Zozo was bored and frozen. Ogurtsov folded a napkin into a ship. “So, are we going to keep quiet? Do you intend to talk about something?” Zozo nervously asked. The king of disposable towels did not answer. After finishing the ship, he took the next napkin and made a toad. “Hey! I’m here!” Zozo shouted. “Is it possible to find out what you’re thinking?” Again, she did not get an answer. The duke of hygiene, without raising his eyes from the table, kept silent and planted the toad into the ship. “That’s it! I’ve had enough! I’m leaving!” Zozo decided. She was already almost getting up when the waitress appeared from the kitchen with a tray. Two tall glasses of carrot juice stood on the tray. Caught unawares, Zozo remained on the spot.

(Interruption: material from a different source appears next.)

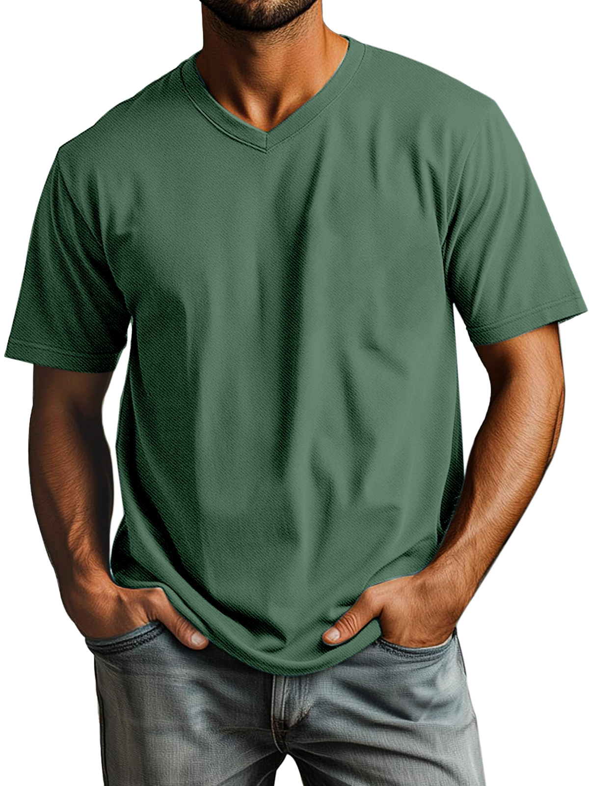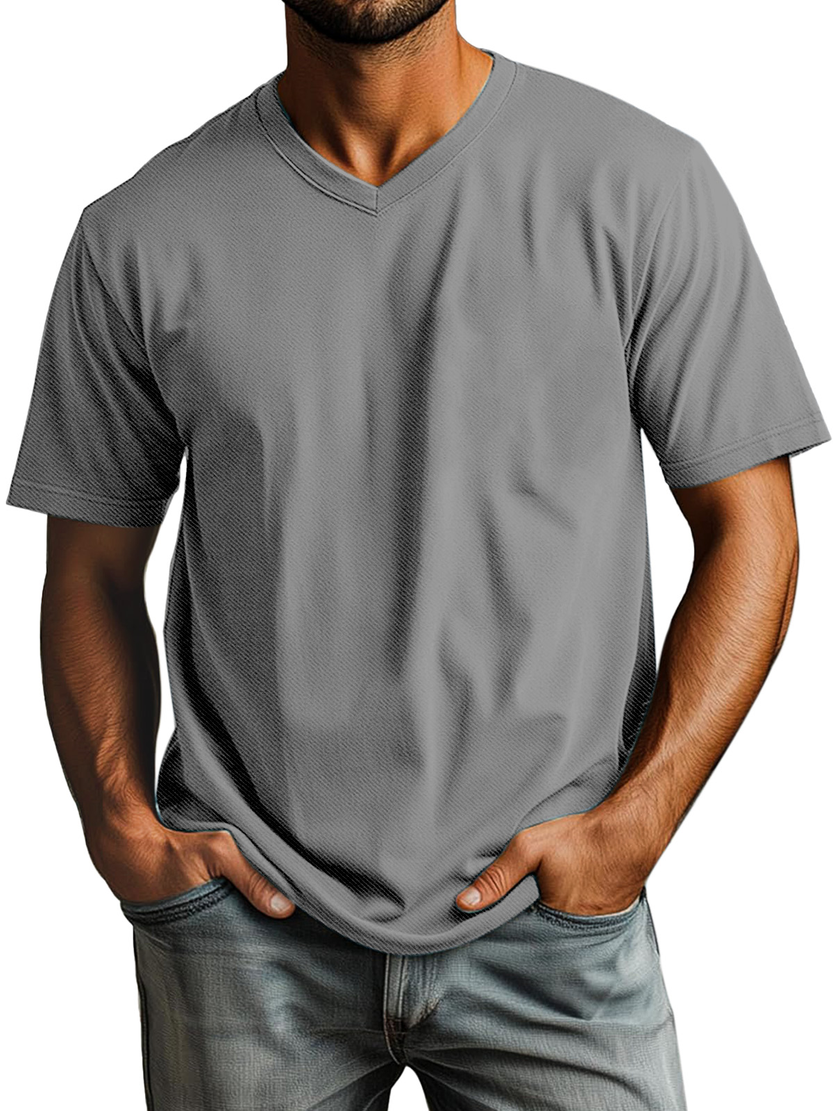 Men's Casual Simple Solid Color Daily V-neck Short-sleeved T-shirt

On seeing the juice, the single-use dandy came alive and began to move his fingers. “Here are some plain glasses! I love everything elegant!” he said inopportunely. “What a coincidence! Me too!” Zozo said, glad that her collocutor had come out of his lethargic dream. “Imagine, recently I bought an excellent box in an antique store. Here indeed is a feeling of style!” “Ah, what’s so special about it?” “Well, it’s all so… ancient… carved, from mahogany… on the lid the sun and two such winged… dragons, perhaps? Everything with great taste!” Ogurtsov had difficulty describing it precisely. The little fellow hunting the radish froze.

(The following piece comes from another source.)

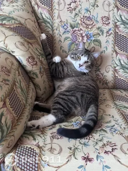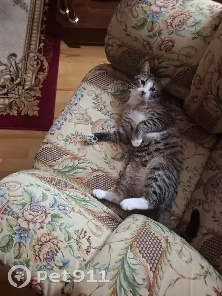 Активный котик, непропорционально длинное туловище. Полосатый, а живот и носочки белые. Большой нос с небольшой горбинкой. Не появлялся дома чуть больше суток, что для него не характерно, вечером- ночью всегда приходил домой в любом случае, искали сами и не нашли.

“And what do you keep in the box?” Zozo asked with the tenderness of a psychotherapist. But Ogurtsov had already become quiet. He took his fork and with disgust began to scrutinize it in the light, checking if it was washed. “What? Medicines, which must be stored in a dry dark place. The box is excellent for this. Above are several small compartments, and a deep one below. Furthermore, there are several drawers. I store vitamins there,” he said edifyingly. “And where do you store your vitamins, Zoe?” “Eh-eh… In the fridge,” Zozo lied. She thought that if she had vitamins for real, in two days Eddy would pig out on them and have an allergic reaction. Her brother eternally suffered from an undivided love for anything free.